The above text is an attempt to synthesize the various sources of information available on the Xikrin. In the ethnological bibliography, the monograph Morte e Vida de uma Sociedade Indígena Brasileira, by Lux Vidal, published in 1977, is a fundamental reference for anyone wishing to study Xikrin society. She describes this society in detail, emphasizing their social organization, the system of age sets, kinship relations, formal friendships, ceremonial roles, and oppositions between centre/periphery, man/woman, nature/culture. She provides an analysis of the relations between name givers and receivers, the transmission of prerogatives, as well as Xikrin social organization through a study of name giving rituals. Between 1978 and 1986, Vidal wrote important articles on the meaning of body decoration. These include, “Pintura e adornos corporais”, published in SUMA Etnológica Brasileira, edited by Berta Ribeiro, and “A pintura corporal e a arte gráfica entre os Kayapó-Xikrin do Cateté”, published in the collection Grafismo Indígena, edited by the author herself. Vidal also wrote an article on the age sets as a system of classification and demographic control of groups among the Xikrin of the Cateté, and how these are manipulated in different contexts. This article can be found in the Revista do Museu Paulista, vol. XXIII. The topic of death and longing – a very present feeling among the Xikrin – was tackled by the author in an article called “A morte entre os índios Kayapó”, published in the book A Morte e os Mortos na Sociedade Brasileira, edited by José de Souza Martins.

As a reference from the 1960s and 1970s, there is also the work of Father Caron (1971) on the Xikrin Indians, written in the form of a diary, a register of his missionary work during the period from 1964 to 1970. In addition, there are notes by Protásio Frickel containing plans and details on the construction of the Xikrin house, made at the time of contact, as well as descriptions of the equipment and subsistence techniques used by the group. Horace Banner, in an article published in 1961 in the Boletim do Museu Paraense Emílio Goeldi, describes the life of the Xikrin in their camp site and their relations with the regional population.

In 1991, Isabelle Giannini wrote her M.Phil. dissertation entitled A ave resgatada: a impossibilidade da leveza do ser, cujo foco centrou-se no estudo da etnoclassificação da avifauna pelos Xikrin do Cateté e do simbolismo das aves nos vários campos da vida social em que são significativas. whose focus centred on the study of the ethnoclassification of the bird life by the Cateté Xikrin and the symbolism of birds in the various field of social life in which they are meaningful. In 2000, Fabíola Andéas da Silva presented a doctoral thesis entitled As tecnologias e seus significados: um estudo da cerâmica Assurini do Xingu e da cestaria dos Kayapó Xikrin sob uma perspectiva etno-arqueológica. The author seeks to demonstrate that the productive processes in Xikrin material culture are not just an indicator of the adaptability or efficiency of humans in solving problems deriving from their relationship with the material world, but also a social construction.

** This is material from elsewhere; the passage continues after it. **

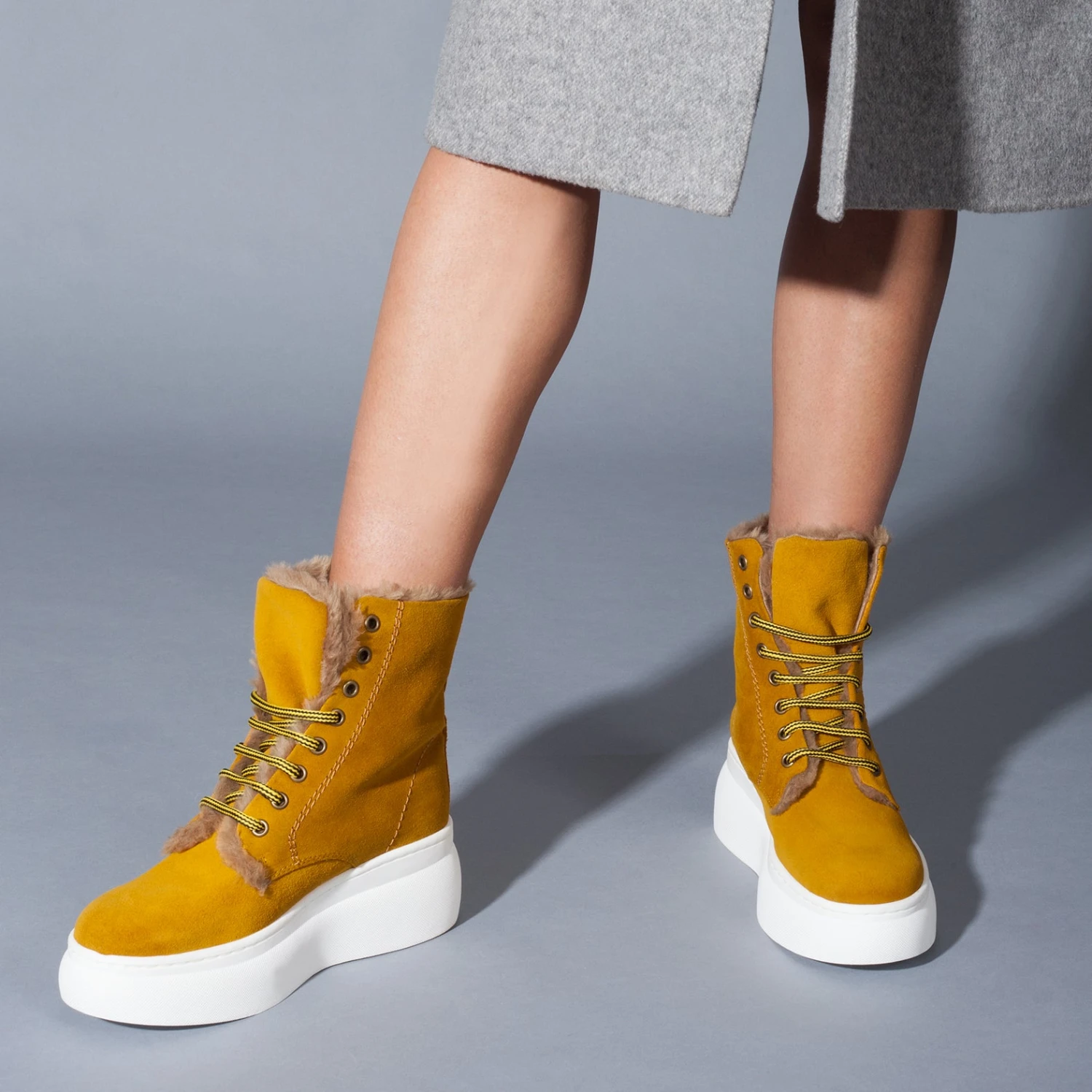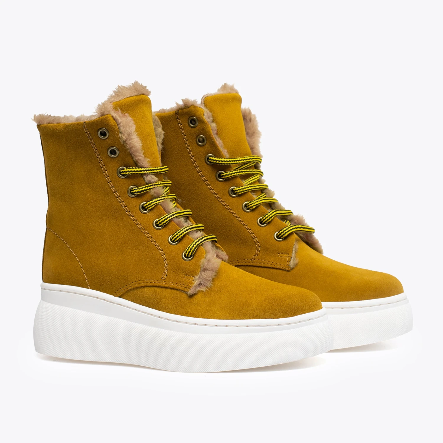 Bottes imperméables hydrofuges MOUTARDE pour femme à plateforme blanche et à lacets bicolores. Bottes pour femme à plateforme MOUTARDE confortables. La plateforme arrière mesure 5 cm et la partie à l’avant mesure 3 cm de hauteur, avec une semelle extérieur en caoutchouc antidérapante. En plus, ajoutez un confort supplémentaire à chacun de vos pas grâce à la technologie de la semelle intérieure Memory Absorber Foam amovible.

In articles published in Povos Indígenas no Brasil (1991/1995 e 1996/2000), Giannini approaches more contemporary questions concerning the predatory and illegal model of timber extraction and the defence of sustainable management by the Xikrin of the Cateté. The same publications contain articles on timber exploration and mineral extraction in the Xikrin do Bacajá indigenous area, written by the anthropologist William Fisher. The author completed a dissertation in 1991, Dualism and its discontents: social organization na village fissioning among the Xikrin Kayapó of Central-Brazil, and in 2000 published the book Rainforest exchanges: industry and community on amazonian frontier. The latter studies the relations between the Bacajá Xikrin society and their environment. Clarice Cohn in her recent M.Phil. dissertation A criança indígena: a concepção Xikrin de infância e aprendizado investigates the way in which the Bacajá Xikrin conceive infancy and learning. The study is based on a description of children’s experiences in daily life and rituals, as well as the occasions and modes of learning and teaching, in order to perceive their specificity.